Exercise requirements » Your task is to transcribe all of the data below exactly, omitting the images.

Given data »
============

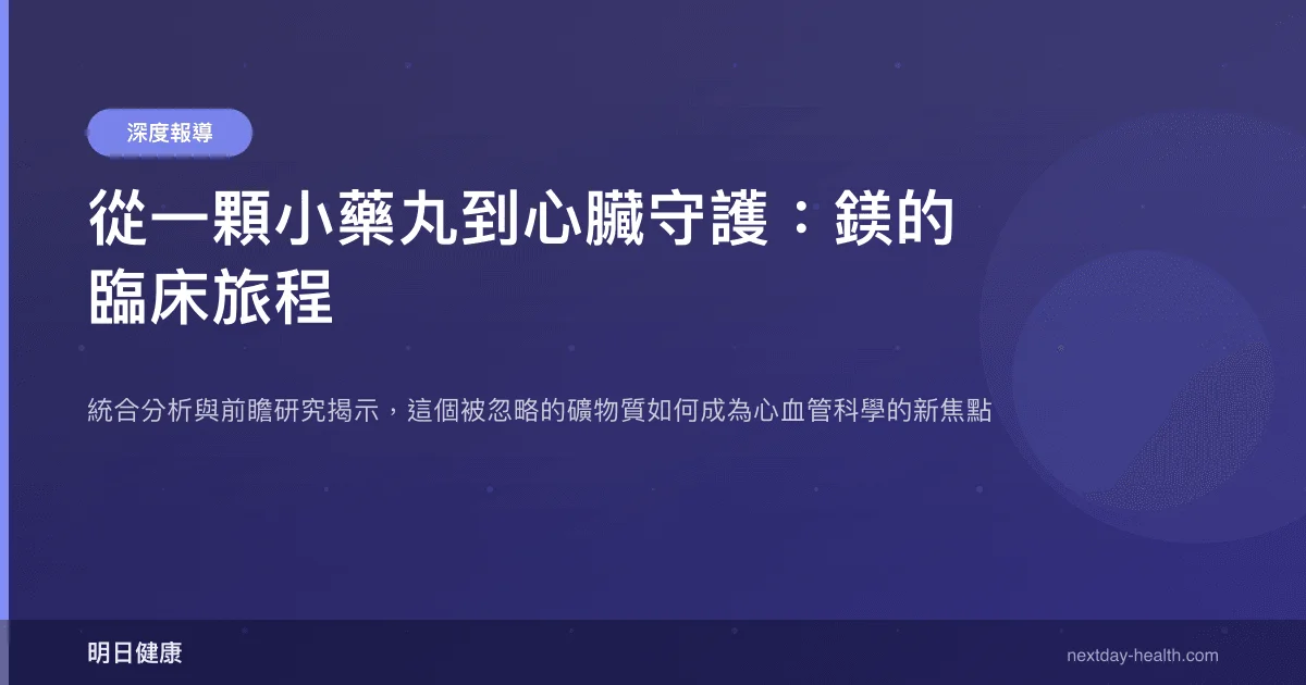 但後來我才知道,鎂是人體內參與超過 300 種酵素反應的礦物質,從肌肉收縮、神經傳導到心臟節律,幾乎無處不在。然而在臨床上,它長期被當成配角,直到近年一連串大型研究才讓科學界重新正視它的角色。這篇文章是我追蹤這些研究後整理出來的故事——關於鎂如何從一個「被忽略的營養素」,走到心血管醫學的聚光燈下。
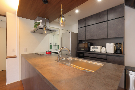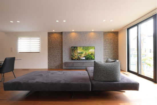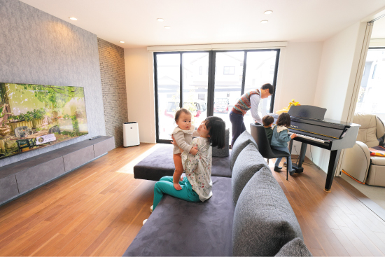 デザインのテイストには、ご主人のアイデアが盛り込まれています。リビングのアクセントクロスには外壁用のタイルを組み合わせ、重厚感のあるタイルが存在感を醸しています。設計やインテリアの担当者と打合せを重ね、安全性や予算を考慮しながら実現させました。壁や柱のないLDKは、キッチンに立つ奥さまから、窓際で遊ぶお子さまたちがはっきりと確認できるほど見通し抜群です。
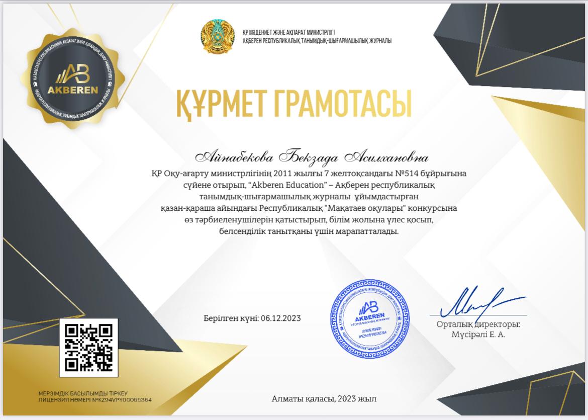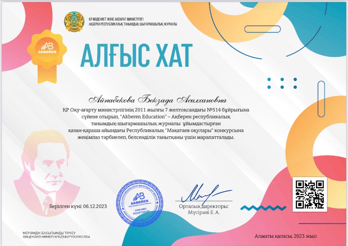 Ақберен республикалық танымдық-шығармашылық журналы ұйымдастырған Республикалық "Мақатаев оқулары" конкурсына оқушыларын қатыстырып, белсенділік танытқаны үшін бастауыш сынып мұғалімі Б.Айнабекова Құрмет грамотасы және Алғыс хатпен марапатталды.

============

Answer section »
 但後來我才知道,鎂是人體內參與超過 300 種酵素反應的礦物質,從肌肉收縮、神經傳導到心臟節律,幾乎無處不在。然而在臨床上,它長期被當成配角,直到近年一連串大型研究才讓科學界重新正視它的角色。這篇文章是我追蹤這些研究後整理出來的故事——關於鎂如何從一個「被忽略的營養素」,走到心血管醫學的聚光燈下。
 デザインのテイストには、ご主人のアイデアが盛り込まれています。リビングのアクセントクロスには外壁用のタイルを組み合わせ、重厚感のあるタイルが存在感を醸しています。設計やインテリアの担当者と打合せを重ね、安全性や予算を考慮しながら実現させました。壁や柱のないLDKは、キッチンに立つ奥さまから、窓際で遊ぶお子さまたちがはっきりと確認できるほど見通し抜群です。
 Ақберен республикалық танымдық-шығармашылық журналы ұйымдастырған Республикалық "Мақатаев оқулары" конкурсына оқушыларын қатыстырып, белсенділік танытқаны үшін бастауыш сынып мұғалімі Б.Айнабекова Құрмет грамотасы және Алғыс хатпен марапатталды.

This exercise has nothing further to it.